Using Creative Commons images to train artificial intelligence

Whenever I have presented about artificial intelligence in the last few years, I often get asked the question of whether training an AI with data can infringe copyright. Take for example Bot Dylan, a machine learning project that has been trained using 23,000 folk songs. Does the music it produces infringe copyright? The accepted answer is no, training an AI by making it listen to music is no different to a musician listening to various songs and being influenced (unless they cross some blurred lines, see what I did there?).

But the problem is often not the resulting output, it is all about having lawful access to content that can be scraped and analysed by the machine learning algorithm. Storing and using large amounts of data in this manner could indeed infringe copyright, and it is the reason why there are increased calls to have some sort of data mining exception to copyright. The UK already has one in place, and this is part of the upcoming Digital Single Market Directive.

This is becoming more and more of an important subject as tech companies try to join the AI race and large datasets become a hot commodity. There was quite an argument about machine learning tools and training datasets recently due to the Edmond de Belamy AI painting. In that occasion, a French artist collective called Obvious used pre-existing machine learning tools to generate a series of paintings, one of which was sold in auction for over $400k USD. The portraits used to train the AI were in the public domain, so the possible infringement question of those never arose, but there were arguments at the time that Obvious could be infringing copyright in the algorithms used. In my opinion, this was not the case as all the tools had been released with open source licences.

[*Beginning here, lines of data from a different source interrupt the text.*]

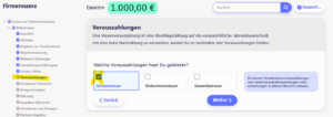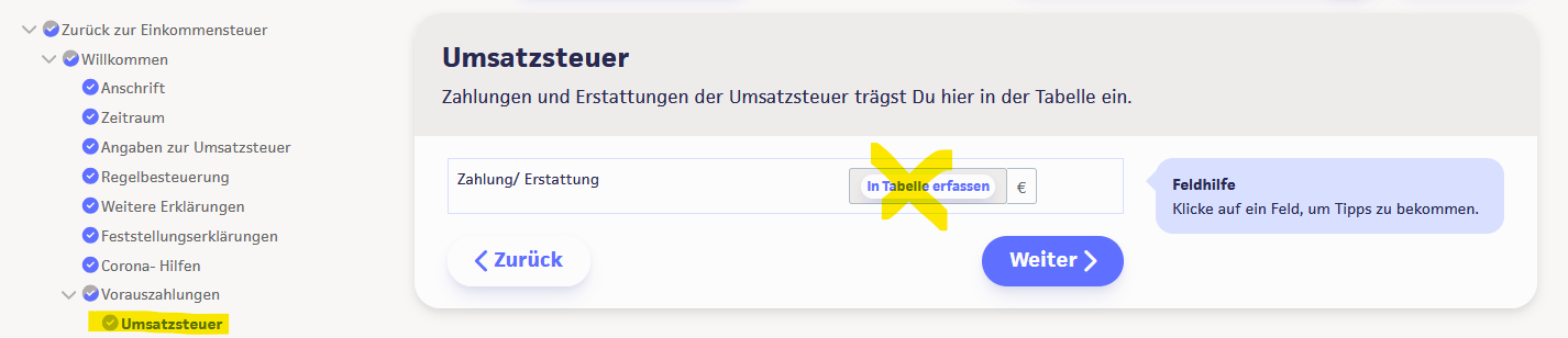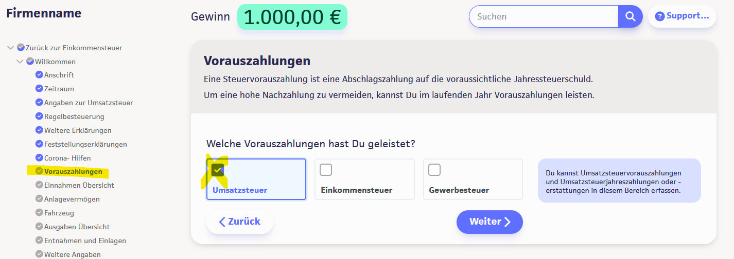 Hier kannst Du Angaben, welche Vorauszahlung Du geleistet hast:
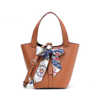 Túi Xách Da Mềm Phối Khăn Lụa Thời Trang Cổ Điển Cho Nữ
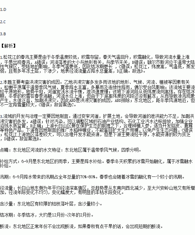 3.松花江流域是我国北方少水地区之一,洪涝、水质污染、水资源短缺等问题严重制约着流域内经济的发展,下列关于松花江流域综合开发治理符合因地制宜原则的是( )
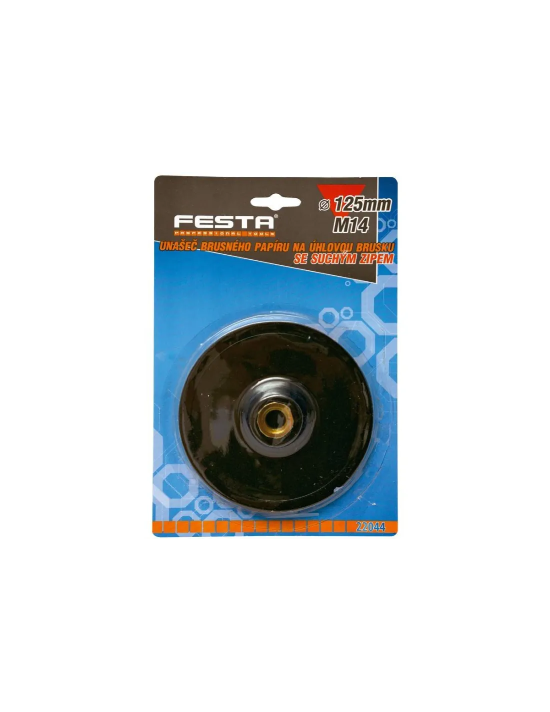Unašeč smirkového papíru do úhlové brusky. Upnutí na suchý zip. Závit M14.
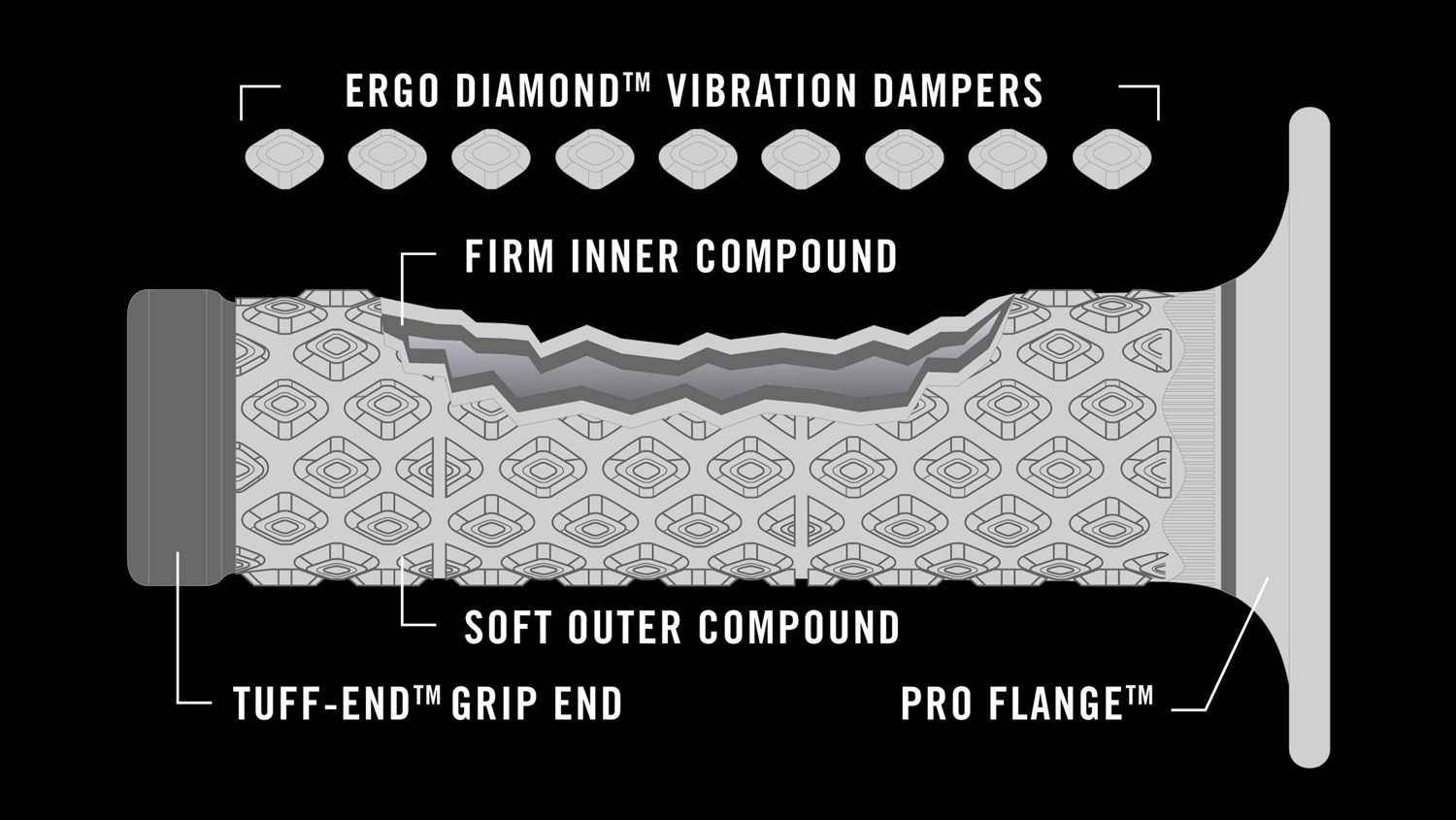 Renthal Soft/Firm MX Dual Compound Grips feature a combination of a soft outer compound for comfort and a firm inner compound for durability. The Ergo Diamond™ vibration dampers enhance grip comfort, while the Pro flange reduces inboard thumb abrasion. The Tuff-end™ grip end ensures longevity, making these grips ideal for motocross riders seeking performance and comfort.
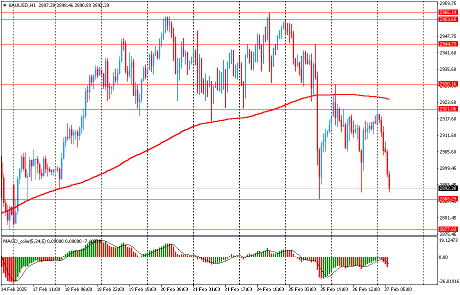 Вчера пара XAU/USD торговалась разнонаправлено в диапазоне 2890-2930 и закрыла день без существенных изменений. Сегодня золото резко упало, опустившись к отметке 2890. На часовом графике XAU/USD все еще тестирует на прочность поддержку - линию скользящей средней МА (200) Н1 (2924). На четырехчасовом графике золото пока остается выше линии MA 200 H4. Исходя из вышесказанного, вероятно, стоит придерживаться северного направления в торговле и пока золото остается выше MA 200 H1, необходимо искать точки входа на покупку на окончание коррекции.

We are currently witnessing another extremely interesting case that has been uncovered in a very thorough article for NBC News, which reports that millions of photographs posted to picture sharing site Flickr are being used without consent to train machine learning algorithms. Reporter Olivia Solon writes:

“The latest company to enter this territory was IBM, which in January released a collection of nearly a million photos that were taken from the photo hosting site Flickr and coded to describe the subjects’ appearance. IBM promoted the collection to researchers as a progressive step toward reducing bias in facial recognition.
But some of the photographers whose images were included in IBM’s dataset were surprised and disconcerted when NBC News told them that their photographs had been annotated with details including facial geometry and skin tone and may be used to develop facial recognition algorithms.”

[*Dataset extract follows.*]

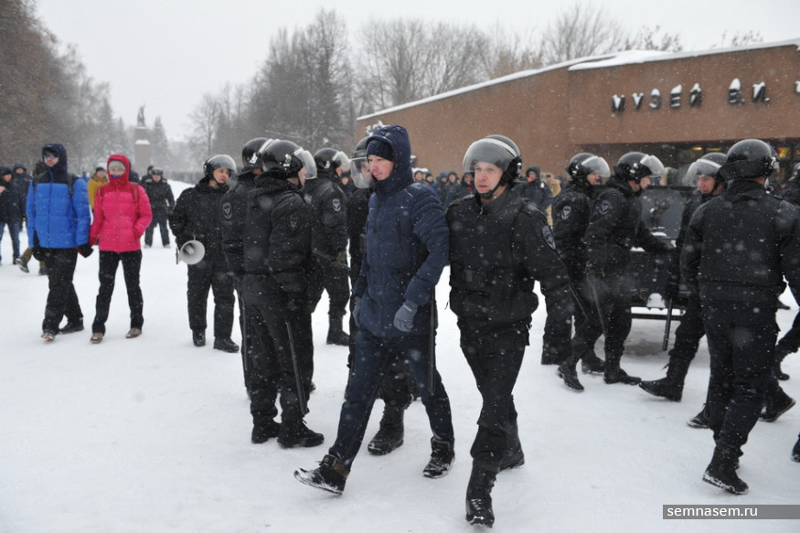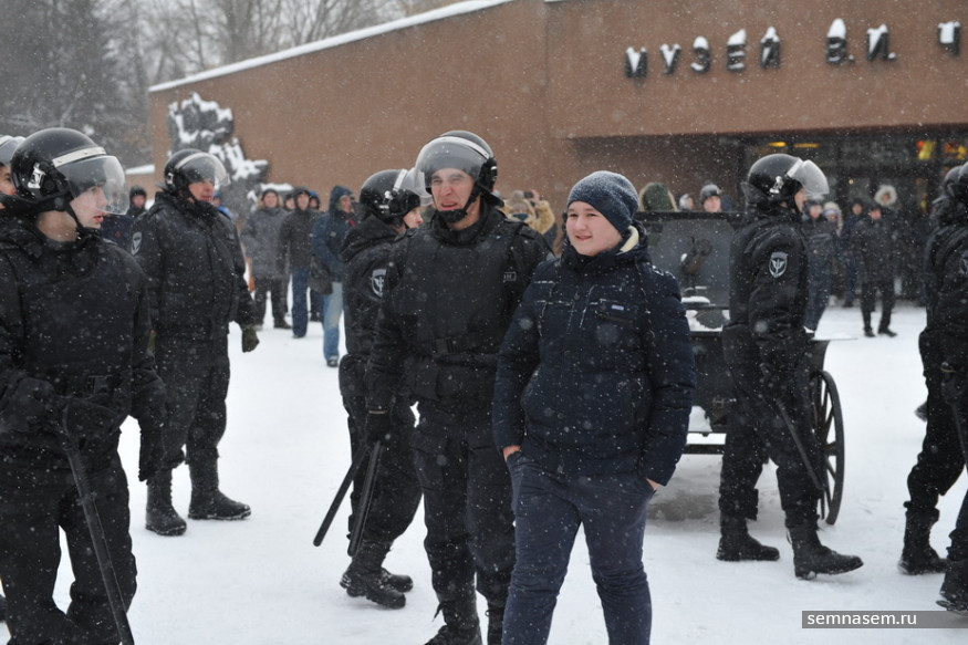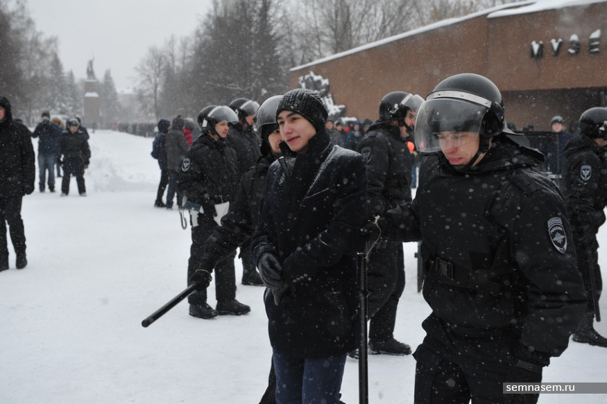Полицейский в каракулевой шапке подошел к организаторам и стал кричать в громкоговоритель: «Вы нарушаете 54-й федеральный закон! Последний раз предупреждаю!», но собравшиеся кричали ему в ответ: «Мы ничего не нарушаем, мы пришли в парк!». Начальник отошел в сторону, к нему подошли несколько людей в штатском, а со стороны дороги прибежал взвод бойцов ОМОНа в бронежилетах и с дубинками.

Leaving aside ethical and privacy considerations, one of the most interesting questions raised by this report are the copyright implications of these practices. Can IBM do this legally? If so, how?

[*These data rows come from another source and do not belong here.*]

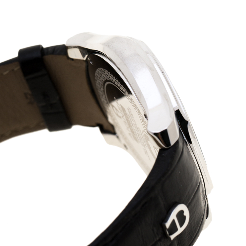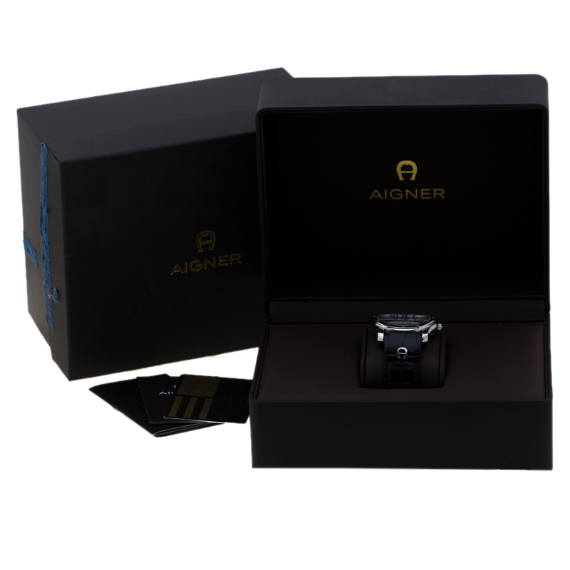 This Aigner wristwatch has a white dial with bold blue Roman numeral hour markers and a date display. The quartz movement helps you check the time with undivided accuracy. It features a metal A signature on the leather strap along with A-shaped buckle closure.
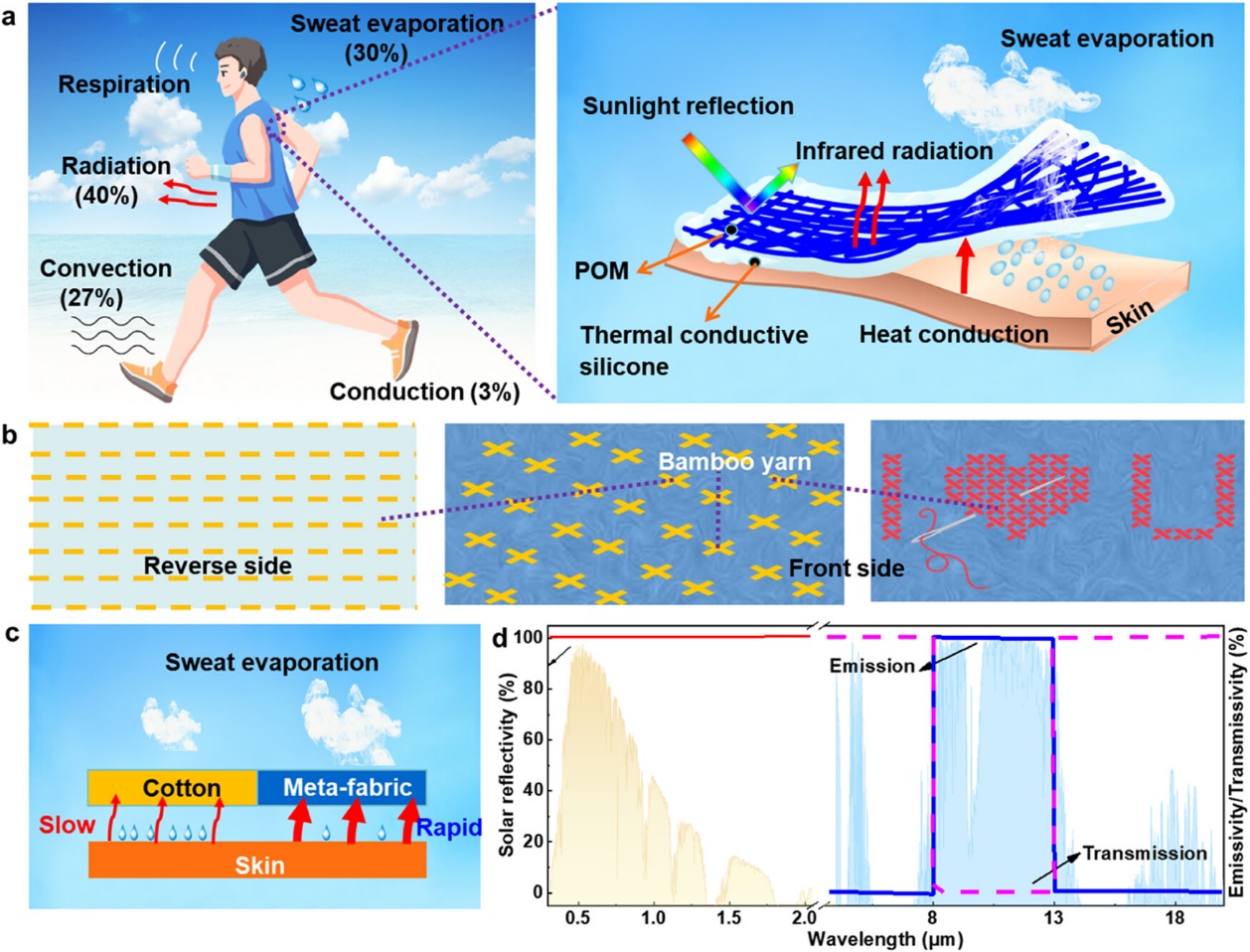 第四,研究团队开发了一种集成优异排汗性能、热传导性能和辐射制冷降温性能于一体的超凉爽织物。中国特殊的气候条件,如温带和亚热带地区夏季的高温湿热环境,对个体舒适性和能源使用提出了更高要求。辐射制冷是一种新兴的零能耗热管理技术,对高温天气户外场景中的人体降温具有重要意义。然而,现有的纺织品受限于固有降温功率低、疏水性高和导热性差等问题,尤其是炎热夏季伴随的排汗和散热问题,难以在实际应用中实现令人满意的降温效果。研究团队开发了一种集成优异排汗性能、热传导性能和辐射制冷降温性能于一体的超凉爽织物。该织物正面采用聚甲醛(POM)纳米纺织品作为选择性辐射制冷发射体,反面采用亲肤导热硅胶作为热传导体,并采用图案化的竹纱线(一种从竹子中提取的纤维素纤维,具有良好的亲水性)作为汗液传输通道。这种织物能够迅速(几秒钟内)从皮肤表面吸收汗水并传输至织物外侧,同时织物导热系数高达1.5 W/(m·K),防止人体在高温户外出现过热现象,表现出优异的人体降温效果(比没有汗液时的超织物低10.9 ℃)。此外,在不排汗的情况下,所制备的超凉爽织物仍能够比商用棉织物实现9.6 ℃的降温,这项研究为设计具有实际应用价值的个人热管理纺织品提供了一种新的思路。该工作以“集成针织导汗和涂层导热的辐射制冷超织物”(Radiative Cooling Meta-Fabric Integrated with Knitting Perspiration-Wicking and Coating Heat Conduction)(论文4)为题,与2024年12月31日发表于《美国化学会·纳米》(ACS Nano)。
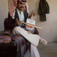 Jordan. Qasr al-Kharanah, man playing instrument made of Quaker city packet/tin

Firstly, let me start by stating that this is a rather complex area, so I will be over-simplifying quite a bit. If you want some more detail about the legal implications of data mining, this may be a good place to start. When we are talking about training artificial intelligence, it is recognised that having access to a good sized dataset appropriate for the task is beneficial, and this is why so many companies such as Google continue to provide services that allow them to have access to vast troves of information. Data mining is one way of finding data to feed the algorithms to train them, but in order to do so the researchers need to have access to data, yet this data could be proprietary.

Data can be anything that is the subject of the research: music, pictures, paintings, text, poetry, scientific literature, figures, drawings, sketches, etc. Data is not about an individual work, it is all about the accumulated reading of a collection of works. So in order to analyse this information and turn it into something useful, there has to be a process that “reads” the data. There are lots of different processes and techniques, but these require for the miner to at least copy the data temporarily.

The legal situation of this type of access to data varies from one jurisdiction to the other. In the US it has been argued that data mining falls under fair use as being transformative, and I tend to agree with that opinion (see also Author’s Guild v Google). In the UK we have fair dealing for data mining for non-commercial uses, and other jurisdictions have adopted, or are thinking of adopting, similar measures (the DSM directive contains one such proposition, although heavily diluted). So in many circumstances, non-commercial data mining to train an AI will be legal. But as this is still a highly uncertain area of the law, and as many companies want to train neural networks for commercial purposes, then those enterprises and researchers will want to use data that is either in the public domain, or under a permissible licence, such as a Creative Commons licence.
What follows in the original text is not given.